More details regarding the algorithm can be found in our paper [Anomaly Detection in Streaming Nonstationary Temporal Data](https://www.tandfonline.com/doi/abs/10.1080/10618600.2019.1617160)

## Installation

You can install oddstream from github with:

```{r gh-installation, eval = FALSE}
# install.packages("devtools")
devtools::install_github("pridiltal/oddstream")
```

## Example

### Multivariate time series plot of `anomalous_stream` dataset available in `oddstream` package

```{r dataset, echo=TRUE, eval=TRUE, warning=FALSE, message=FALSE, out.width= "100%", fig.height=3}
library(oddstream)
library(tidyverse)
t <- nrow(anomalous_stream)
f <- ncol(anomalous_stream)
data <- as_tibble(anomalous_stream) %>%
gather() %>%
mutate(key = rep((1:f), each = t), Time = rep(1:t, f)) %>%
setNames(c("Cable", "Value", "Time"))

p <- data %>%
ggplot(aes(x = Time, y = Cable, fill = Value)) +
geom_tile() +
scale_fill_gradientn(colours = c("#F0E442", "#000000", "#000000"), values = c(0, .1, max(anomalous_stream))) +
scale_x_continuous(breaks = seq(0, 1400, 200)) +
scale_y_continuous(breaks = seq(0, 600, 100)) +
labs(x= "Time", y= "Time Series ID")

p
```

### Two dimensional feature space

```{r 2dpcspace}
library(oddstream)
features <- extract_tsfeatures(anomalous_stream[1:100, 1:100])
pc <- get_pc_space(features)
p <- gg_featurespace(pc)
p

# Perform a 2D kernel density estimation using MASS::kde2d() and display the results with contours.
p + ggplot2::geom_density_2d()
```

```{r example, eval = FALSE, echo = TRUE}
library(oddstream)
# Considers the first window of the data set as the training set and the remaining as the test stream
train_data <- anomalous_stream[1:100, ]
test_stream <- anomalous_stream[101:1456, ]
output <- find_odd_streams(train_data, test_stream, trials = 100)
```

### Further Details
```{r help, echo = TRUE, eval= FALSE}
?oddstream
```

## References

- Clifton, D. A., Hugueny, S., & Tarassenko, L. (2011). Novelty detection with multivariate extreme value statistics. Journal of signal processing systems, 65 (3), (pp. 371-389).

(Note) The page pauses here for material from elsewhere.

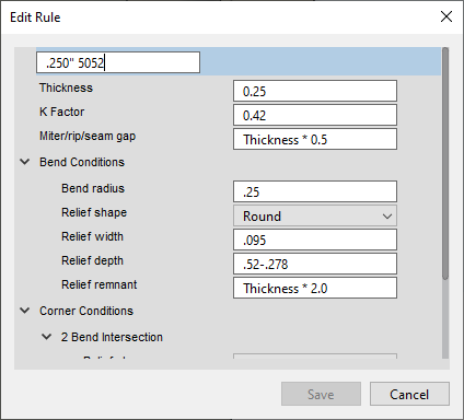 Here you can specify many of the sheet metal specific properties including bend radius, K-factor, and bend relief dimensions. These can be fixed values or formulas based on the material thickness. (Note: you can find all of this information for your chosen material and thickness in our bending calculator as well.)
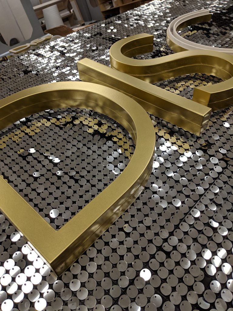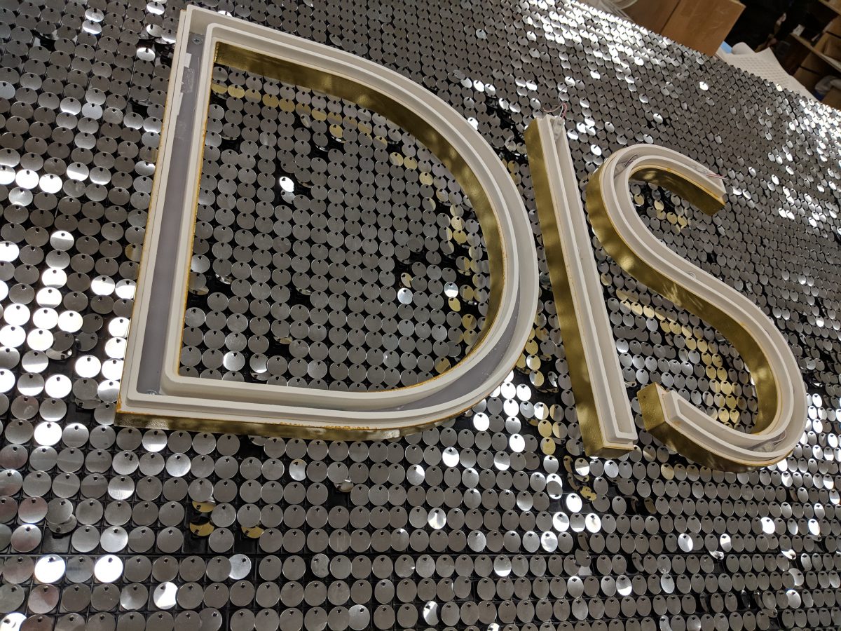 - Every sequin on this sign was individually placed by hand. The 3D letters contain the LED lighting within.

- Hyndman, R. J., Wang, E., & Laptev, N. (2015). Large-scale unusual time series detection. In 2015 IEEE International Conference on Data Mining Workshop (ICDMW), (pp. 1616-1619). IEEE.

- Talagala, P. D., Hyndman, R. J., Smith-Miles, K., et al. (2018). Anomaly Detection in Streaming Nonstationary Temporal Data. Anomaly detection in streaming nonstationary temporal data. Journal of Computational and Graphical Statistics, (just-accepted), 1-28. DOI:10.1080/10618600.2019.1617160.